Available data:
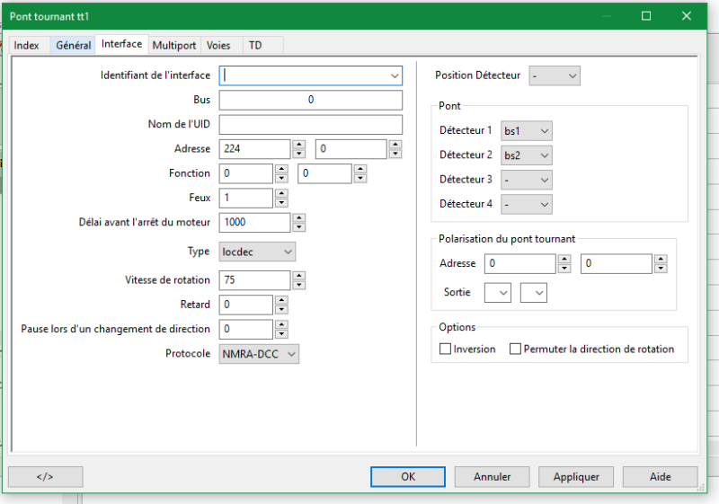 | Il doit être défini pour tous les ponts tournants dans le plan si au moins l'un d'entre eux utilise la bibliothèque DSD2010 Ce qui est nécessaire pour rapporter les bons évènements au bon pont tournant. |
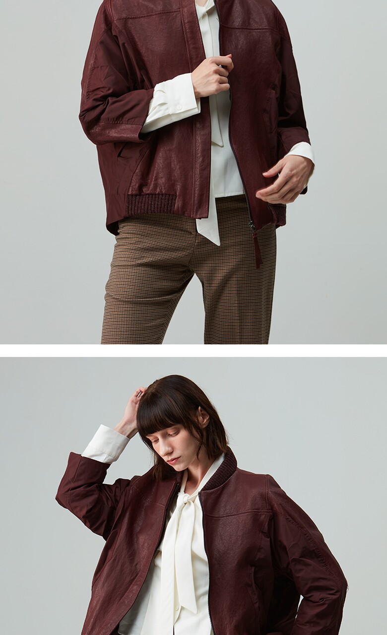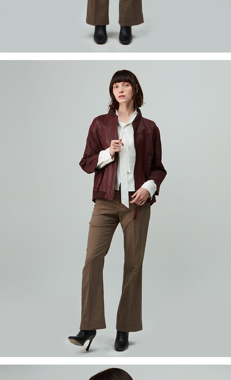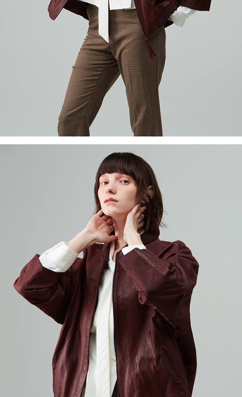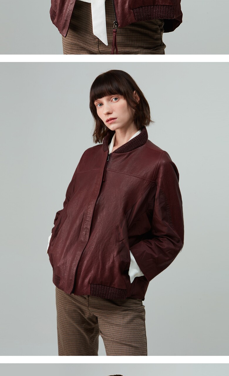 후스타일 여성 레더 항공 점퍼 자켓 와인
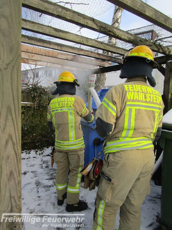Am Sonntag rückte die Feuerwehr zu einem Containerbrand aus. Da die Anwohner bereits erste Löchversuche unternommen hatten, konnte das Feuer klein gehalten werden. Die Feuerwehr übernahm dann mit einem C-Strahlrohr die weitere Brandbekämpfung, und löschte das Feuer. Aufgrund der letzten Monate und dem Standort des Container Sammelplatzes, rückte der komplette Löschzug aus.

What you will do:
Take the lines from the one that contains "후스타일 여성 레더 항공 점퍼 자켓 와인" through the last line of the material above and reproduce them exactly, leaving out any pictures.

The completed task:
 후스타일 여성 레더 항공 점퍼 자켓 와인
Am Sonntag rückte die Feuerwehr zu einem Containerbrand aus. Da die Anwohner bereits erste Löchversuche unternommen hatten, konnte das Feuer klein gehalten werden. Die Feuerwehr übernahm dann mit einem C-Strahlrohr die weitere Brandbekämpfung, und löschte das Feuer. Aufgrund der letzten Monate und dem Standort des Container Sammelplatzes, rückte der komplette Löschzug aus.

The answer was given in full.